__Implementation Note: Unrolling Parameters__

In order to use optimizing functions such as "fminunc()", we will want to "unroll" all the elements and put them into one long vector:

![summarize](1.png)

__Gradient Checking__

We can approximate the derivative of our cost function with:

$\frac{\partial}{\partial \Theta} J(\Theta) \approx \frac{J(\Theta+\epsilon)-J(\Theta-\epsilon)}{2 \epsilon}$

With multiple theta matrices, we can approximate the derivative with respect to $\Theta_j$ , as follows:

$\frac{\partial}{\partial \Theta_{j}} J(\Theta) \approx \frac{J\left(\Theta_{1}, \ldots, \Theta_{j}+\epsilon, \ldots, \Theta_{n}\right)-J\left(\Theta_{1}, \ldots, \Theta_{j}-\epsilon, \ldots, \Theta_{n}\right)}{2 \epsilon}$

In octave we can do it as follows:

```
epsilon = 1e-4;
for i = 1:n,
  thetaPlus = theta;
  thetaPlus(i) += epsilon;
  thetaMinus = theta;
  thetaMinus(i) -= epsilon;
  gradApprox(i) = (J(thetaPlus) - J(thetaMinus))/(2*epsilon)
end;
```

So once we compute our gradApprox vector, we can check that gradApprox ≈ deltaVector.

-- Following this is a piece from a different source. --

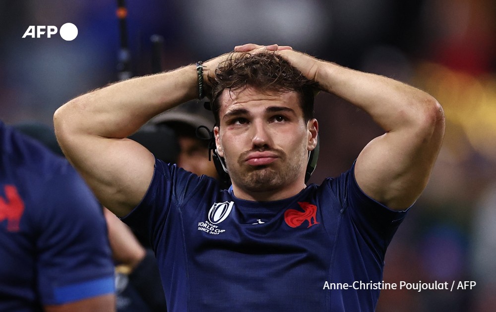 France's scrum-half and captain Antoine Dupont reacts after loosing the Rugby World Cup quarter-final match against South Africa at the Stade de France in Saint-Denis, on the outskirts of Paris, on October 15, 2023.

Once you have verified once that your backpropagation algorithm is correct, you don't need to compute gradApprox again.
_Please turn off the gradient checking._


__Random Initialization__

Initializing all theta weights to zero does not work with neural networks.

Hence, we initialize each Θ(l)ij to a random value between[−ϵ,ϵ]. Using the above formula guarantees that we get the desired bound.

```
If the dimensions of Theta1 is 10x11, Theta2 is 10x11 and Theta3 is 1x11.

Theta1 = rand(10,11) * (2 * INIT_EPSILON) - INIT_EPSILON;
Theta2 = rand(10,11) * (2 * INIT_EPSILON) - INIT_EPSILON;
Theta3 = rand(1,11) * (2 * INIT_EPSILON) - INIT_EPSILON;
```

(Note: the epsilon used above is unrelated to the epsilon from Gradient Checking)


__Putting it Together__

First, pick a network architecture; choose the layout of your neural network, including how many hidden units in each layer and how many layers in total you want to have.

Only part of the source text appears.